THE TASK: Once you find the line with "鴫野小学校体育館にて行われた" in the entries below, print it and each line after it up to and including the line with "下乡的第二天起,我们工作重心", exactly, without pictures.

MATERIALS PROVIDED:
■ ■ ■ ■ ■

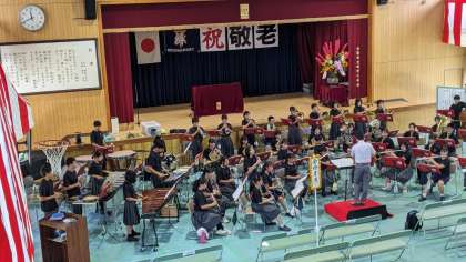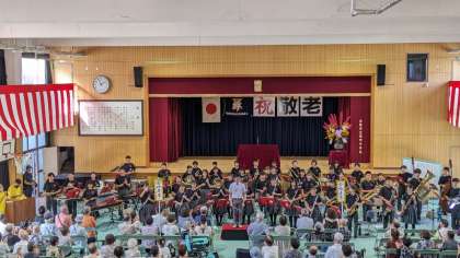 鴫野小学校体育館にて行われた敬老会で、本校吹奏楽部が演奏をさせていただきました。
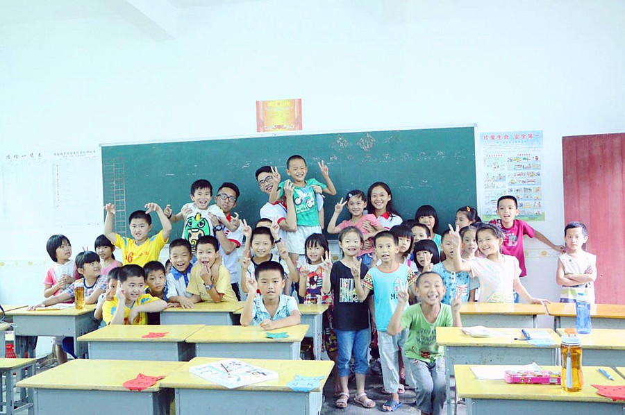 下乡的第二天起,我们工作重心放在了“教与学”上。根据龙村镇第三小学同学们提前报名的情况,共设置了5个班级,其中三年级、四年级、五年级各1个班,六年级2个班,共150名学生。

■ ■ ■ ■ ■

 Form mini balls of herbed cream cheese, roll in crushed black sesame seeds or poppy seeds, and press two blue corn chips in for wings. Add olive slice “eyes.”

■ ■ ■ ■ ■

TASK RESULT:
 鴫野小学校体育館にて行われた敬老会で、本校吹奏楽部が演奏をさせていただきました。
 下乡的第二天起,我们工作重心放在了“教与学”上。根据龙村镇第三小学同学们提前报名的情况,共设置了5个班级,其中三年级、四年级、五年级各1个班,六年级2个班,共150名学生。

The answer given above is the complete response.